Cell viability was assessed using the CellTiter-Glo
® assay after 72 h incubation with human gingival fibroblasts (HGF,
Figure S5) and MCF-7 breast adenocarcinoma cells (
Figure 9). Polymer-coated MNPs lacking MTX (MNP-PHEMA-OH, MNP-PPEGMA6-OH, and MNP-PPEGMA10-OH) proved fully biocompatible, maintaining >95% HGF viability across all tested concentrations. Covalent attachment of MTX preserved this benign profile in normal cells while triggering a pronounced, dose-dependent cytotoxic effect in MCF-7 cells, reducing viability by up to 69% at 2.5 µg MTX/mL. Free MTX, in contrast, induced a pronounced cytotoxic effect, particularly at lower concentrations, indicating rapid drug action. However, the MTX-loaded nanostructures exhibited a more gradual and controlled cytotoxic response, which can be attributed to the covalent attachment of MTX and its gradual availability.
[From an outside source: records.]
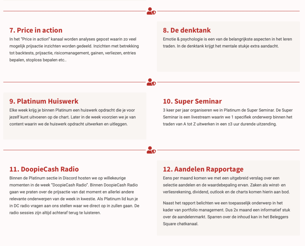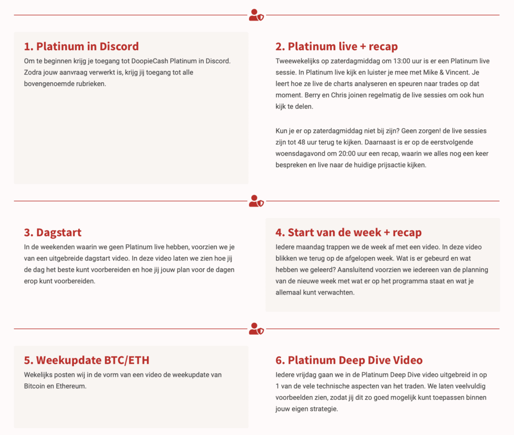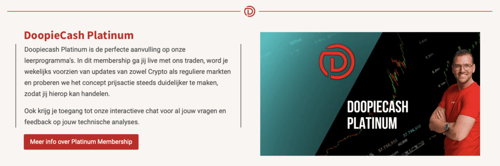 Het DoopieCash Platinum lidmaatschap is bedoeld voor ervaren traders die hun kennis en vaardigheden willen verbreden. Het biedt toegang tot een hechte community, live handelssessies, dagelijkse content en koersupdates, en uitgebreide analyse van prijsactie. Leden krijgen toegang tot exclusieve Discord-kanalen voor dagelijkse inzichten en een ondersteunende sfeer. Het lidmaatschap omvat tweewekelijkse live sessies, uitgebreide video’s over dagelijkse marktvoorbereiding, technische analyses, en een focus op emotionele en psychologische aspecten van trading.
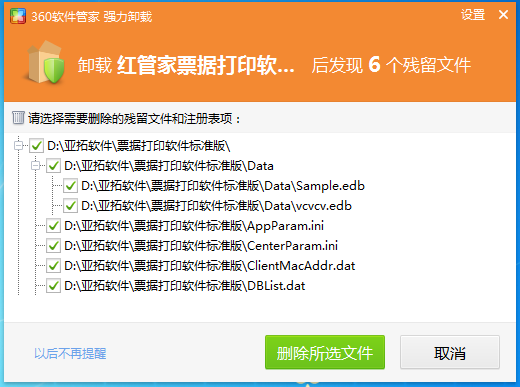 亞拓軟件所有軟件產品在升級的時候,都不需要先卸載原來的程序,可以直接安裝新版本即可,不會覆蓋原有的數據。部分用戶可能有先卸載然后再安裝的習慣,這個時候需要注意,安裝了360安全衛士的用戶,可能在卸載軟件后會提示是否刪除殘留文件,如下圖所示: 請務必不要刪除,因為軟件卸載程序沒有刪除的文件為賬套數據庫文件和程序配置文件,這些數
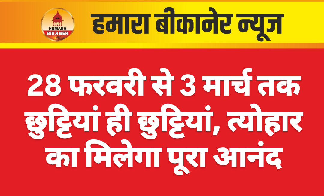 बीकानेर। होली से पहले आमजन के लिए बड़ी खुशखबरी है। इस बार त्योहार के मौके पर लगातार चार दिन का लंबा अवकाश मिलने जा रहा है। राज्य सरकार की छुट्टियों और साप्ताहिक अवकाश के चलते स्कूल-कॉलेज, बैंक और कई सरकारी दफ्तर लगातार बंद रहेंगे, जिससे लोगों को त्योहार मनाने के लिए ज्यादा समय मिलेगा।अवकाश की शुरुआत 28 फरवरी (शनिवार) से होगी। महीने का चौथा शनिवार होने के कारण बैंक, कई सरकारी कार्यालयों के साथ कई स्कूल-कॉलेजों में भी छुट्टी रहेगी। इसके बाद 1 मार्च (रविवार) को नियमित साप्ताहिक अवकाश रहेगा। रविवार की छुट्टी जुड़ने से लोगों को लगातार दूसरा दिन आराम का मिलेगा। बाजारों में भी इस दिन त्योहार की खरीदारी का खासा उत्साह देखने को मिल सकता है।
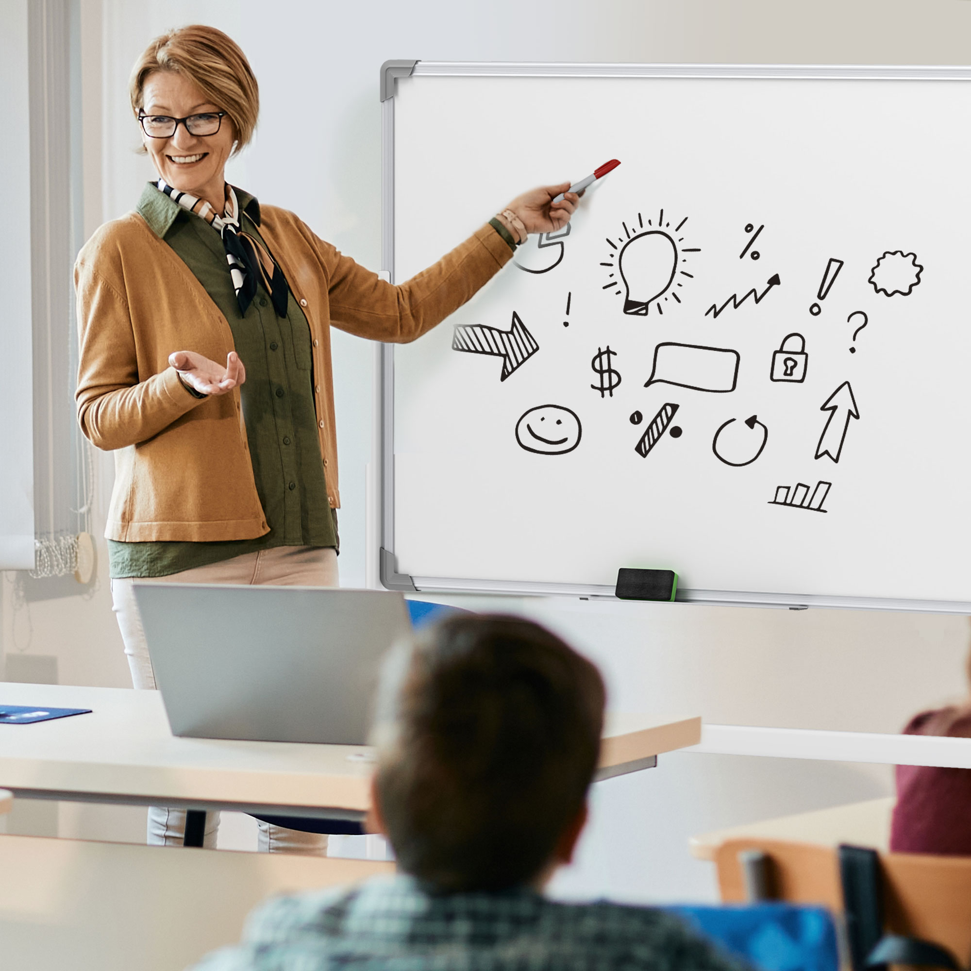 - - Das 120 x 90 cm große Whiteboard bietet viel Platz für Unterricht oder Präsentationen

These results highlight that the advantage of nanoparticle-mediated delivery does not rely solely on maximizing immediate cytotoxicity, but rather on providing controlled drug exposure and improved selectivity. Importantly, all MTX-functionalized systems showed minimal toxicity toward fibroblasts, suggesting a favorable safety profile. The observed cytotoxic effect is consistent with the role of MTX when incorporated into functionalized polymer-coated MNPs, being internalized through folate receptors overexpressed on tumor cells compared to healthy ones [
27], leading to inhibition of cell proliferation. This behavior differs from our previous results using folic acid as a targeting moiety, which promoted nanoparticle internalization but did not induce MCF-7 cell death [
41].
Furthermore, MTX-functionalized nanoparticles induce a clear dose-dependent cytotoxic response in MCF-7 cells at concentrations higher than 0.05 µg/mL. Among the three MTX formulations, MNP-PPEGMA6-MTX exhibited the greatest tumor-selective potency. This outcome aligns with its physicochemical attributes: the intermediate-length PPEGMA6 brush supports the highest drug loading (131 µg/mg), achieves a compact hydrodynamic diameter of 427 nm post-conjugation, and retains a ζ-potential (~−30 mV) that promotes colloidal stability and cellular uptake. The shorter PHEMA and longer PPEGMA10 brushes, which bear lower MTX densities and/or larger hydrated diameters, produced more modest cytotoxic responses. In addition, the ability to tailor the polymer brush architecture and drug loading highlights the versatility of this nanoplatform, which can be extended to other therapeutic agents, supporting the rational design of multifunctional nanocarriers for targeted drug delivery applications.
Study Limitations
While the present study demonstrates promising physicochemical properties and in vitro biological activity of the developed nanocarriers, several limitations should be acknowledged. First, the observed selective cytotoxicity toward MCF-7 cells, although encouraging, remains preliminary and indirect. The mechanism of cellular internalization and intracellular trafficking was not investigated in this study and, therefore, remains speculative in the absence of dedicated imaging techniques such as confocal microscopy or transmission electron microscopy (TEM). Second, the colloidal stability of the nanoparticles was evaluated only in PBS under controlled conditions. Stability in complex biological media containing serum proteins (e.g., FBS) was not assessed, which represents an important limitation, particularly for PEGylated systems where protein adsorption and corona formation may significantly affect biological behavior. Finally, although all formulations exhibited superparamagnetic behavior, magnetic guidance, targeting, and localization were not experimentally validated. Therefore, any implications regarding their use in magnetically guided delivery remain theoretical and were not experimentally demonstrated. These aspects highlight the need for further studies to better understand the biological mechanisms and translational applicability of the proposed nanoplatform.